Perhaps my favorite one is Name Explain by Patrick Foote. His charming British accent, subtle sense of humor and genuine curiosity about the etymology of words makes each video a pleasure to watch.
Recently, I watched his video on "The Names of Iberia Explained":
Even though I've written about some of the words he discussed before, he caused me to think about them from a new perspective, and suggested some new ones that I had not heard previously.
I wrote about Sefarad ספרד - the Hebrew name for Spain - back in 2006, when I just started Balashon. It's an interesting place to write about in regards to Hebrew etymology, because it was settled at one point by the Phoenicians, and then centuries later by the Arabs, both of whom spoke languages cognate to Hebrew, and those cognates are reflected in many place names.
In that post, I wrote:
According to a theory in the Catholic Encyclopedia, the Phoenicians gave the name to Gibraltar's neighbor Spain (Hispania) as well. One theory claims that the name derives from tsepan - rabbit or hyrax (in Hebrew shafan שפן) and so another name could be "The Land of Rabbits".
I should have been more careful, and pointed out, as Rabbi Natan Slifkin famously does here, that in ancient Hebrew the shafan is only a hyrax, not a rabbit. (In fact, according to Slifkin in his book, The Camel, the Hare and the Hyrax, there were no rabbits in biblical Israel. The word commonly used today for rabbit - arnav ארנב, which in the Bible only appears in the female, arnevet ארנבת - refers to a hare, which is distinct from a rabbit.)
Name Explain was aware of this distinction, and therefore said of the origin of Hispania:
this name apparently comes from the Phoenicians who, when they came to the land noticed the rabbits that were living there. The rabbits reminded the Phoenicians of the hyraxes they have in their homeland and also the Phoenicians would have to sail there, so without knowing any better they thought the rabbit filled land was an island.
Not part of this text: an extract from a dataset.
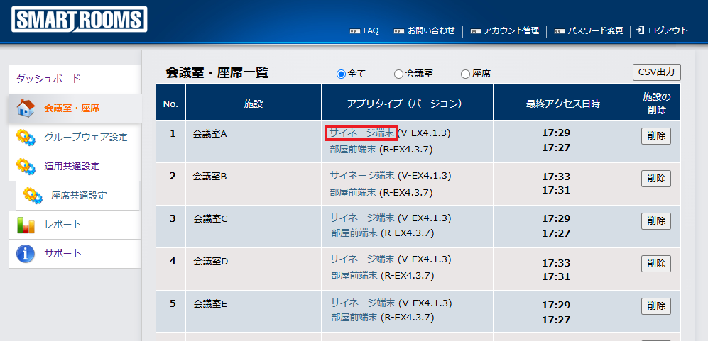 個別に設置位置を設定したい会議室のアプリタイプ(バージョン)をクリックします。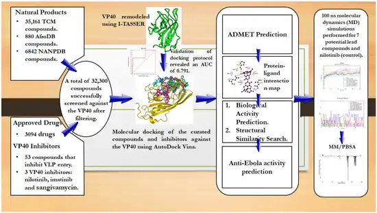 - ↑ Balmith, Marissa; Soliman, Mahmoud E. S. (2017-02-01). "VP40 of the Ebola Virus as a Target for EboV Therapy: Comprehensive Conformational and Inhibitor Binding Landscape from Accelerated Molecular Dynamics". Cell Biochemistry and Biophysics. 75 (1): 65–78. doi:10.1007/s12013-017-0783-8. ISSN 1559-0283. PMID 28144904. S2CID 26535324.subscription needed

So they went with the name Hispania, which means Isle of Hyraxes despite the fact it wasn't an island and it wasn't full of hyraxes.
And so in addition to properly explaining how a land of rabbits was named for hyraxes, he also implied that the "Hi" in Hispania is cognate with the Hebrew אי - "island."
In my original post, I discussed the etymology of Gibraltar:
the name comes from the Arabic Jebel el Tarik "the Mountain of Tarik." Jebel derives from the Semitic root גבל - the same as the Hebrew word גבול gvul - meaning border.In a later post, I expanded on the word gvul, and showed how it was likely the origin of the name of the town Byblos, which eventually gave us the word "bible."
In his video, Name Explain presented a theory that I hadn't heard before, that the word gibberish derives from Gibraltar. He quotes from this site in the show notes, which writes:
Others believe it comes from the island of Gibraltar, where residents speak an interesting mix of English, Spanish, Hebrew, Hindi and Arabic. Nonresidents often believe the natives are simply speaking… well… gibberish!At first glance, that seemed a bit far-fetched, and the alternate explanation, that it came from the word "jabber", seemed more likely. But this detailed study indicates that the Gibraltar explanation might very well be valid.
One word I did not address in my post was the town of Ibiza. Name Explain quoted a source that said it comes from the Arabic yabisa meaning "dry land", which is cognate with the Hebrew yabasha יבשה of the same meaning, which in turn comes from the root yavesh יבש - "dry."
He also discusses the origin of the capital, Madrid. Its etymology is unclear, but he does provide one theory which gives it an Arabic origin:
Others say the Moors named the city in the 8th century. Apparently, the River Manzanares was called ‘al-Magrit’, which means water source in Arabic. The surrounding area was then called Mayrit, which comes from the Arabic term Mayra (meaning water or giver of life), which later changed to Magerit, which means ‘place of water’ in Arabic. The name then evolved to Matrit and then eventually, Madrid. This may be the most likely theory, as the name Matrit is still found as a Spanish gentilic.
That theory is further discussed in this forum, where one poster says that it may derive from an Arabic word meaning "water, stream", which comes from the root jara, meaning "to flow" (as well as "to run.")
Klein writes that the Hebrew word ger גר - "foreigner, stranger" has the Arabic cognate jara - "he went astray from." Seems to me that could be the same jara as "to run" or "to flow". So if all that is true, then the name Madrid has a Hebrew cognate as well.
So from one lover of etymology to another, thanks Patrick!